#### EXERCISE BRIEF:
Pictures must not appear in the copy. Reproduce exactly, and only, the lines from the one with "灵魂莲华 提莫/至臻北极星使者沃里克/至臻魅惑女巫女呛/至臻魅惑女巫 2022女呛/至臻西部魔影伊芙琳/至" through the end of the data below.
** Opening SUPPLIED DATA block **
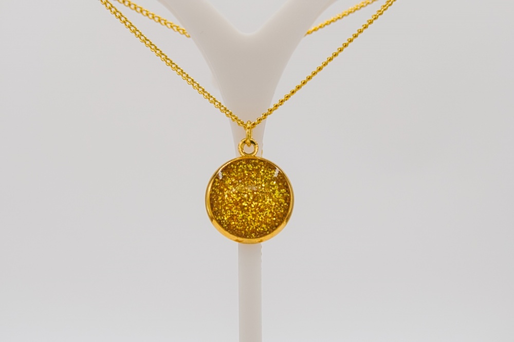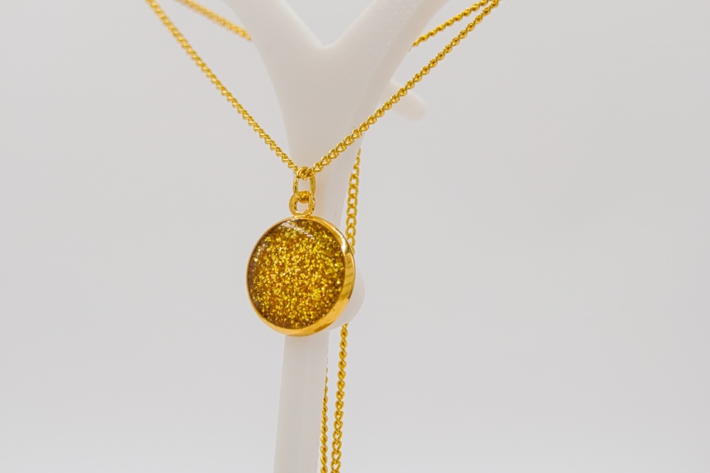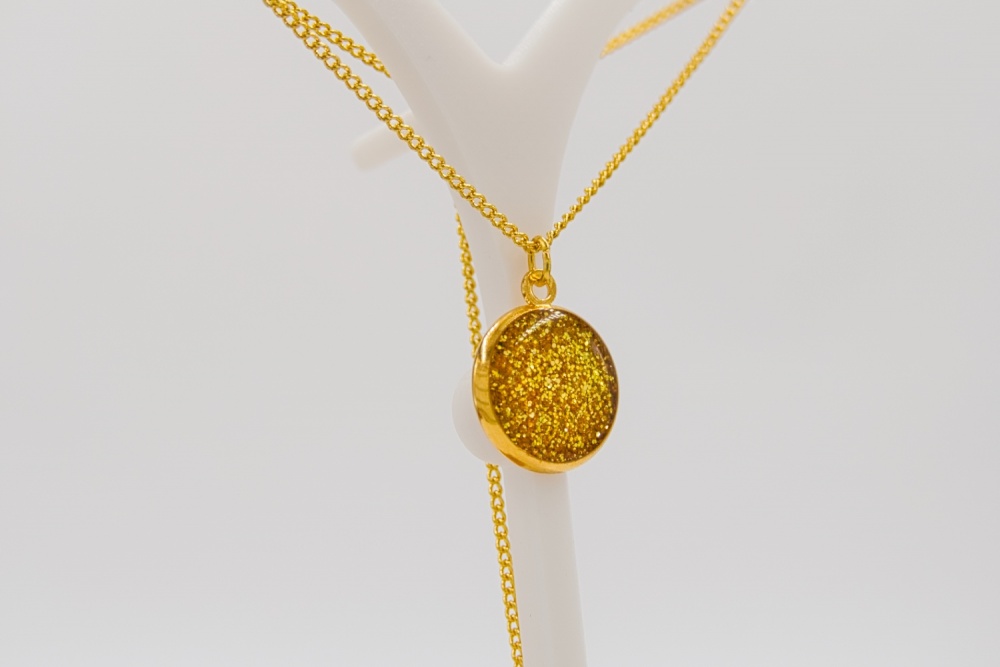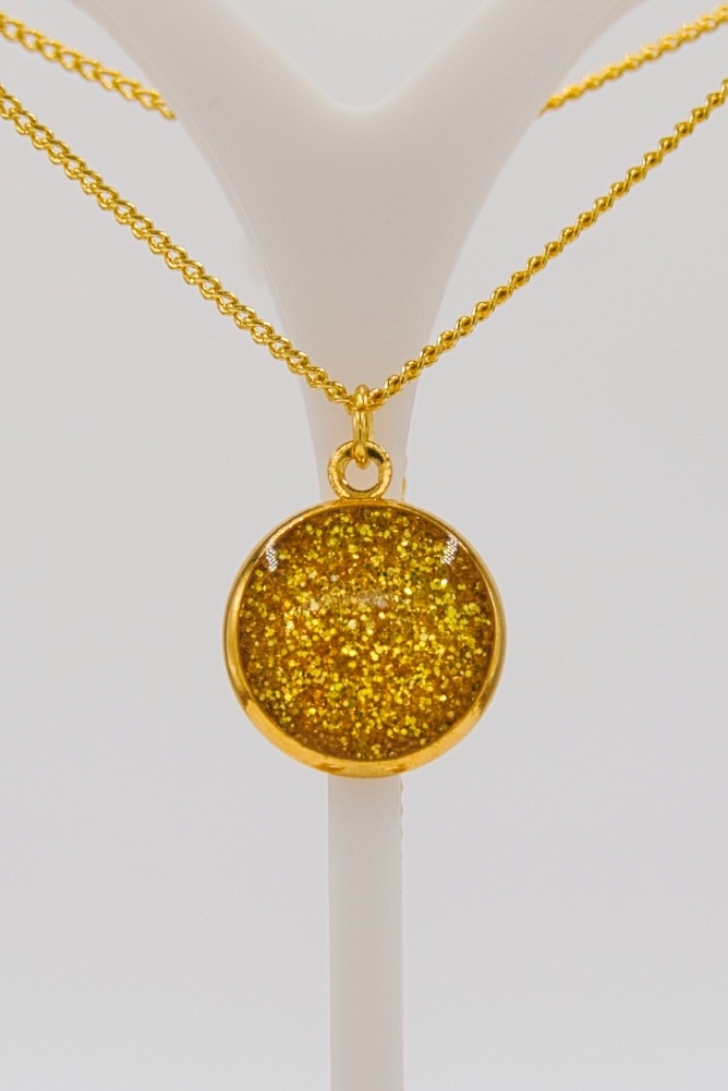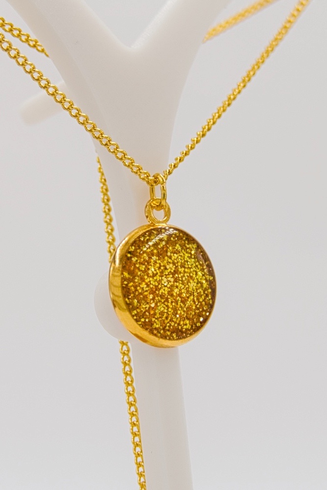 Anhänger: Durchmesser 15 mm; 3 mm hoch; Harz Farbe: Goldglitzer
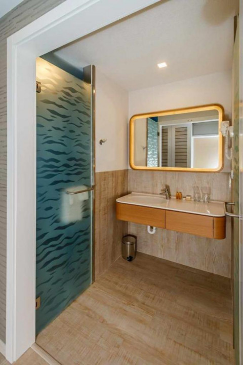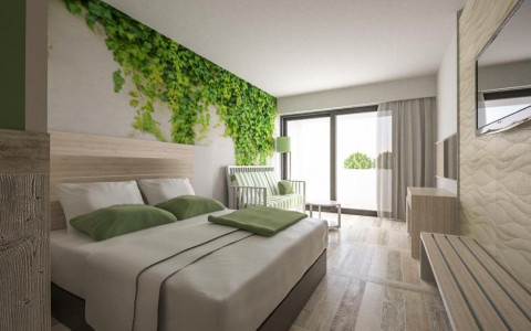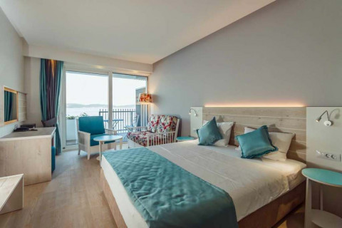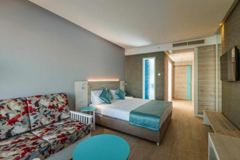 В DBL SV: французская кровать и раскладывающаяся софа, кондиционер, спутниковое ТВ, Wi Fi интернет, мини бар, санузел с душевой кабиной, балкон с видом на море. Площадь: 28 м2. Максимальное размещение: 2 взр+ 2 реб.
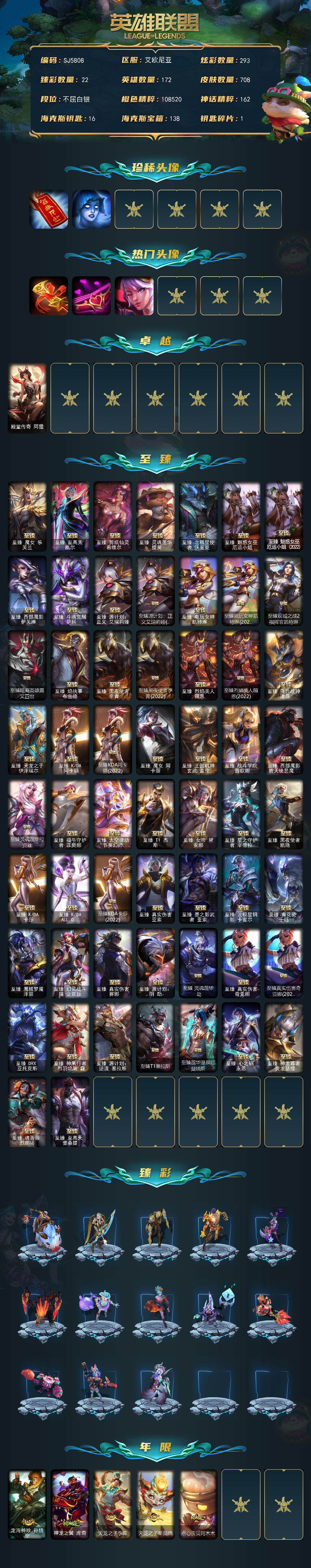 172英雄-708皮肤-【sj5808】172英雄/708皮肤/2终极/74神话/99限定/22臻彩/293炫彩/66传说/137史诗/白银账号等级:772/红包头像/女巫头头像/卡特琳娜的匕首头像/爱情之歌头像/觅心之翼奎因头像/殿堂传奇阿狸/至臻 魔女 妖姬/至臻至高天凯尔/至臻 剪纸仙灵 希维尔/至臻 灵魂莲华 提莫/至臻北极星使者沃里克/至臻魅惑女巫女呛/至臻魅惑女巫 2022女呛/至臻西部魔影伊芙琳/至
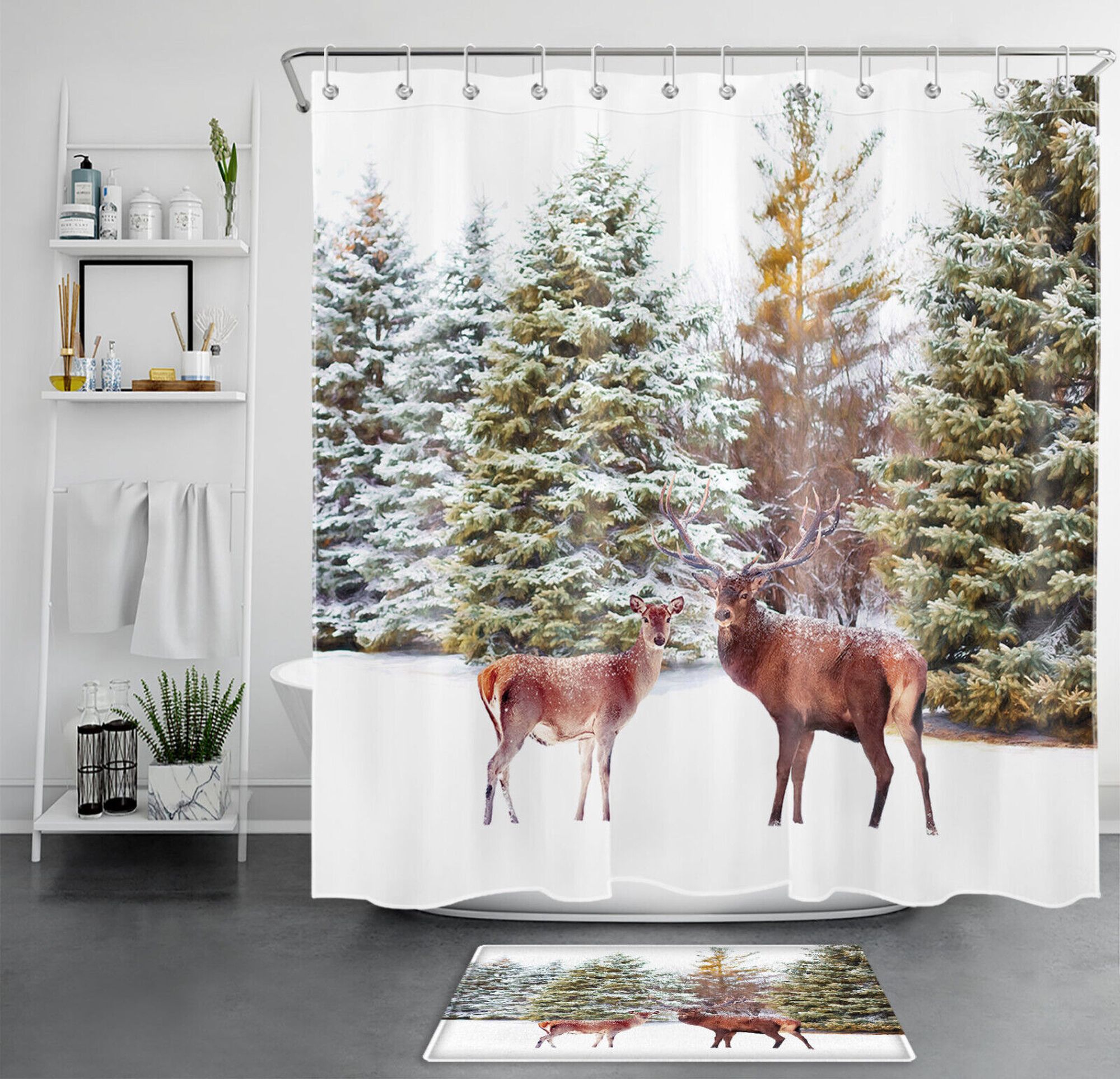 WhiteTailed Deer Winter Wildlife Shower Curtain Set Hyper Realistic Sy Walmart Wildlife Shower Curtains a rustic shower curtain can add a touch of charm and character to your bathroom decor. buy highland cow shower curtain 60wx72l inch farmhouse bull animal cattles wooden board plank western wildlife cute funny. Buy products such as joocar fish shower curtain for kids. buy ruiyc rustic nursery woodland animals shower curtain for kids cute wildlife country. Walmart Wildlife Shower Curtains.
** Closing SUPPLIED DATA block **
#### EXERCISE RESPONSE:
 172英雄-708皮肤-【sj5808】172英雄/708皮肤/2终极/74神话/99限定/22臻彩/293炫彩/66传说/137史诗/白银账号等级:772/红包头像/女巫头头像/卡特琳娜的匕首头像/爱情之歌头像/觅心之翼奎因头像/殿堂传奇阿狸/至臻 魔女 妖姬/至臻至高天凯尔/至臻 剪纸仙灵 希维尔/至臻 灵魂莲华 提莫/至臻北极星使者沃里克/至臻魅惑女巫女呛/至臻魅惑女巫 2022女呛/至臻西部魔影伊芙琳/至
 WhiteTailed Deer Winter Wildlife Shower Curtain Set Hyper Realistic Sy Walmart Wildlife Shower Curtains a rustic shower curtain can add a touch of charm and character to your bathroom decor. buy highland cow shower curtain 60wx72l inch farmhouse bull animal cattles wooden board plank western wildlife cute funny. Buy products such as joocar fish shower curtain for kids. buy ruiyc rustic nursery woodland animals shower curtain for kids cute wildlife country. Walmart Wildlife Shower Curtains.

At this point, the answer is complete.